Hi Guys, i just massively serviced my E64 650i 2006 which has just done 60,000 miles (low I know). To keep it brief, I got my local shop to change all major N62 seals which are prone for leaks. Now i have no leaks at all which is great. I bought the car recently from 1 owner from new (a rich family in Dubai who rarely drove the car - hence the low milage for a 2006). The car has been sitting a while which i know isn't good for it, hence why i decided to do the major service and seal changes.

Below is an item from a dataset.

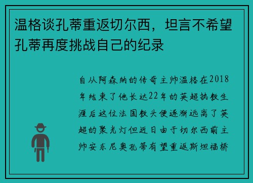 温格谈孔蒂重返切尔西,坦言不希望孔蒂再度挑战自己的纪录

Anyway, to the point - I also decided to change the transmission fluid and filter, which was also handled by my local shop who specialise on BMW's, so they seem to know what they are doing. After i got the car back everything is perfect, EXCEPT that the transmission slips ONLY on cold start 30 seconds after I start to move, followed by a trans warning light (red cog) and drive moderately warning on the iDrive. IF however, i immediately turn the car off and restart, it disappears and never comes on again until the next day or if left for 5/6 or so hours or it's another cold start the next day. I took the car back to my garage that did all the work and he checked the solenoids and said 2 were faulty, so we changed them 2, filled up another 3 litres of extra brand new trans oil (thats what came out when they took off filter and mechatronics unit) but the same problem exists - again, only on cold start. I have been reading here that i should have changed 6 other rubber seals (i wasn't aware of) and annoyed that my garage didn't tell me to and he told me that by replacing the 2 faulty solenoids was a 50/50 chance of fixing it and worst case, he would need to strip down my entire gearbox and replace 20 or so rubber seals throughout, at a cost of £650 + parts. I just wanted some friendly info from anyone here who may have experience the same and if i should go ahead and only replace the set of 6 rubber seals (mechatronic sleeves set etc which is available on eBay as a complete set by ZF) or take his advice and change all the seals 20+ of them. I don't get any other slips at higher speeds and as i stated once the car is warm, i have no issues whatsoever with the gearbox and it drives like new - smooth changes, no jerks or slipping anywhere even when i floor it to redline. I also changed my voltage regulator and IVM recently at the same time so i know its not them. My IBS is faulty which is currently disconnected as new one is on order, however i highly doubt any of these are the issue.

Also ive seen some transmission oil additives that you can buy for around £50 which you add to the new transmission oil, would they work and if so, which one is best?

Apologies for the long post, I hope someone here is able to give me good advice without me having to spend another arm and a leg on the transmission now.

Thank you very much and i look forward to hearing!

Sol.


----------